One of the main differences between a Microprocessor and a Microcontroller is that the latter contains both the program and data memories right on the chip. This is also true for the 8051 Microcontroller as it has both ROM (usually Flash or EEPROM) and RAM on the same die as the CPU. If you want a deeper understanding of the 8051 Microcontroller Architecture, you need to learn the 8051 Microcontroller Memory Organization.
In this guide, I will talk about the memory layout of the 8051 Microcontroller and how the CPU inside the 8051 will access both the program and data memories. In addition to this, we will also learn how to interface external memory with the 8051 Microcontroller.
Before proceeding, I would recommend you to go through the previous guides on the 8051 Microcontroller: Introduction to 8051 Microcontroller, 8051 Microcontroller Pin Diagram, and 8051 Microcontroller Architecture. This guide will be a continuation of the previous ones.
Recap of Microcontroller Memory Architecture
In the previous guide (8051 Microcontroller Architecture), we learned that there are two types of Microcontroller Architectures based on how the CPU accesses the memories. They are:
- von Neumann Architecture
- Harvard Architecture

In von Neumann Architecture, both the Program (Instructions) and Data are on the same memory storage unit. The CPU can access either instructions or data at any given time.
Coming to the Harvard Architecture, it has separate memories for storing program and data.
Almost all modern microcontrollers (apart from a few odd ones) use the Harvard Architecture and that includes the 8051 Microcontroller.
8051 Microcontroller Memory Organization
Even though both the program and data memory of the 8051 Microcontroller reside on the same die, they are logically and physically separate.

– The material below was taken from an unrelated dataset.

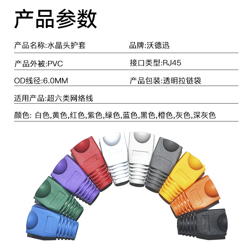 | nameOriginal | Crystal head rubber sleeve sheath color Crystal Head sheath ten color optional RJ45 sheath Crystal protective sleeve wholesale |
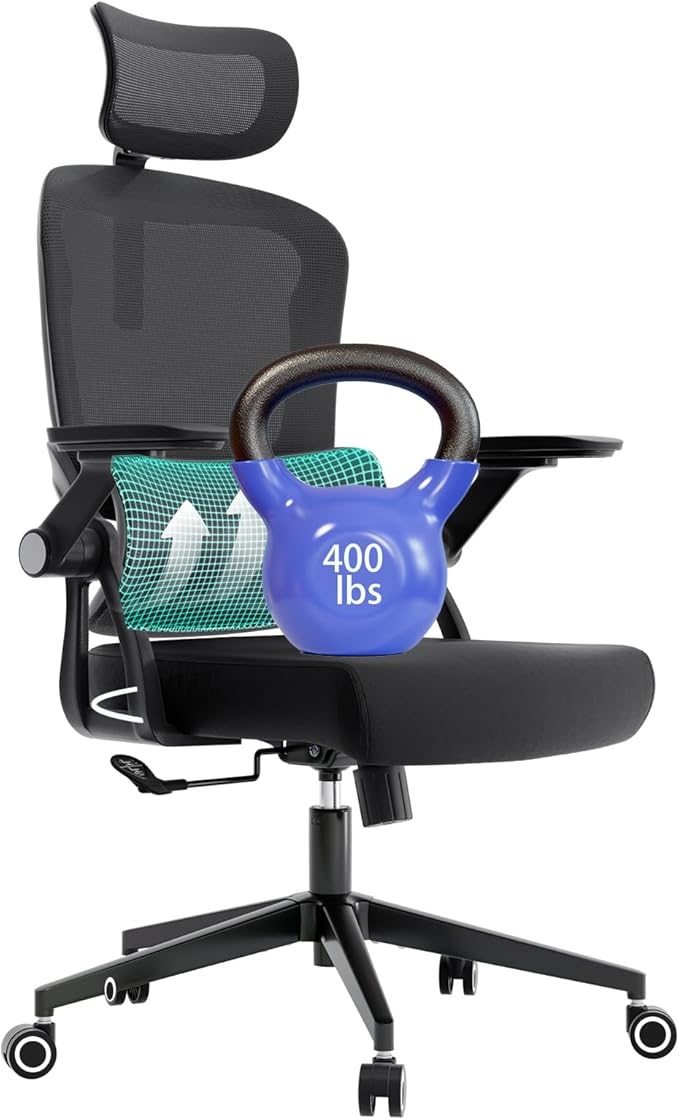 Big and Tall Ergonomic Office Chair - 400LB Comfy Desk Chairs with Headrest and Back Support, Heavy Duty Mesh Computer Chairs with Wheels and Arms for Home Office, Study, Bedroom and Dorm

The address space for accessing these memories is also separate.
The Program Memory is where we store the code (all the instructions). The CPU can only read from the Program Memory.
When the CPU in the Microcontroller is executing instructions, it must store the data somewhere that is easily accessible (CPU should be able to read and write data). In addition to data, there will be a lot of temporary results while performing arithmetic computations.
The Data Memory of a Microcontroller acts as this temporary storage where the CPU can keep all the data and temporary results.
The original 8051 Microcontroller had 4K Bytes of on-chip Program Memory (ROM) and 128 Bytes of Data Memory (RAM). Later versions of the 8051 Microcontroller (for instance, the AT89S52) came with 8K Bytes of Program Memory (Flash) and 256 Bytes of Data Memory (RAM).
Alternatively, the 8051 Microcontroller can access up to 64K Bytes of External Program and Data Memories each.
For the sake of an easy explanation of the 8051 Microcontroller Memory Organization, I will use the AT89S52 as a reference for all the numbers. You can apply similar methods to understand the memory organization of any 8051-based Microcontroller.
Program (Code) Memory
As I mentioned in the previous section, the 8051 Microcontroller has 8KB of on-chip Program Memory. With 8KB of Memory, the Address Space becomes 0000H to 1FFFH.
If you connect the EA (External Access) pin to VCC (HIGH or Logic 1), then all the fetches for the program within the addresses 0000H through 1FFFH will happen from the Internal Memory.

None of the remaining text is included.